Mocha, Instant, American, Latte. The most we drink must be instant coffee, which is economical and affordable, and the content of coffee in instant coffee is very small, and a lot of food additives are added to it. Many people can't accept black coffee, because black coffee has a bitter taste, and the authentic way to drink black coffee is without sugar and milk.
The making of coffee
In terms of biological classification, from top to bottom, they are divided into "boundary, phylum, class, and order species", and below "species" are divided into subspecies, variants, and varieties. The coffee tree is a perennial evergreen shrub or small tree of the family Coffea in the Rubiaceae family, and the main varieties circulating in the market are Arabica and Robusta, and here we mainly introduce the Arabica variety.
Arabica coffee is generally believed to be native to the Ethiopian highlands and is widely distributed in the tropics, and has been repeatedly mutated and mated, resulting in a wide variety of varieties.
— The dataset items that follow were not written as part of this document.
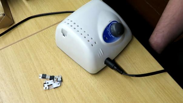 Маникюрная машинка при включении сразу набирает максимальные обороты и не реагирует на ручку регулятора скорости. Вскрыв аппарат видим регулируемый линейный стабилизатор LM317 + Сборку Дарлингтона BDW93C. Аналогом послужил полевик IRF640 ;) как это повлияло на работу машинки отпишитесь в коментарии плиз ;)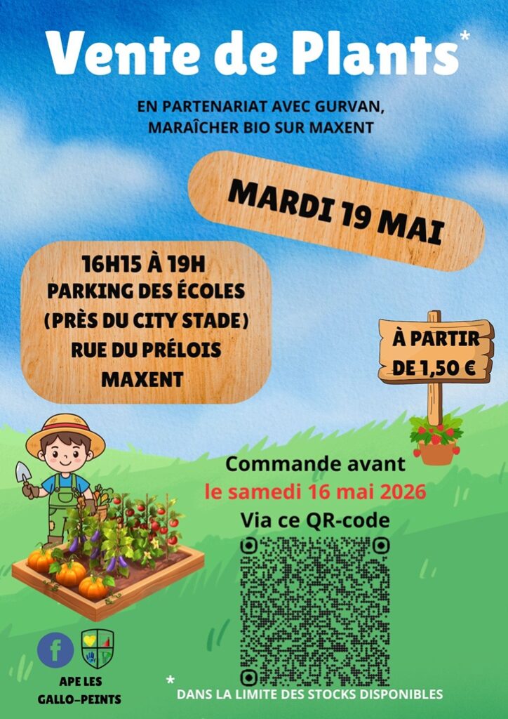 L’APE Les Gallo-Peints renouvelle son opération “Vente de plants” avec une livraison prévue le mardi 19 mai 2026.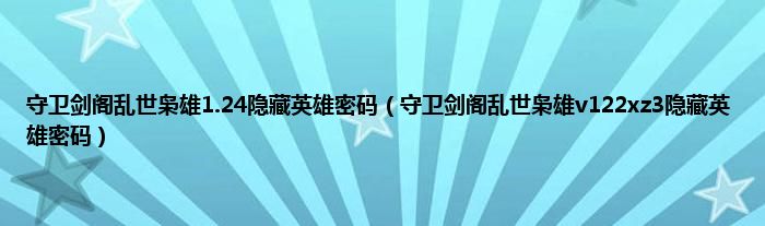 守卫剑阁乱世枭雄1.24隐藏英雄密码(守卫剑阁乱世枭雄v122xz3隐藏英雄密码)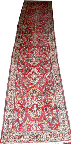 SoldHAMADAN ORIENTAL RUNNER W 2'7" L 9'8"HAMADAN ORIENTAL RUNNER W 2'7" L 9'8" 2'7" x 9'8" . Hand woven All wool. Red field.See Sold Price

We mainly introduce the following varieties. This is the closest species to the native Arabica species, from which almost all varieties of the Arabica species originate. Widely cultivated in Central and South America in the past, it has a long bean shape and excellent aroma and sourness, but it is not resistant to leaf rust and requires a considerable amount of shade to produce low yields (as with Bourbon, it can only be harvested once every two years).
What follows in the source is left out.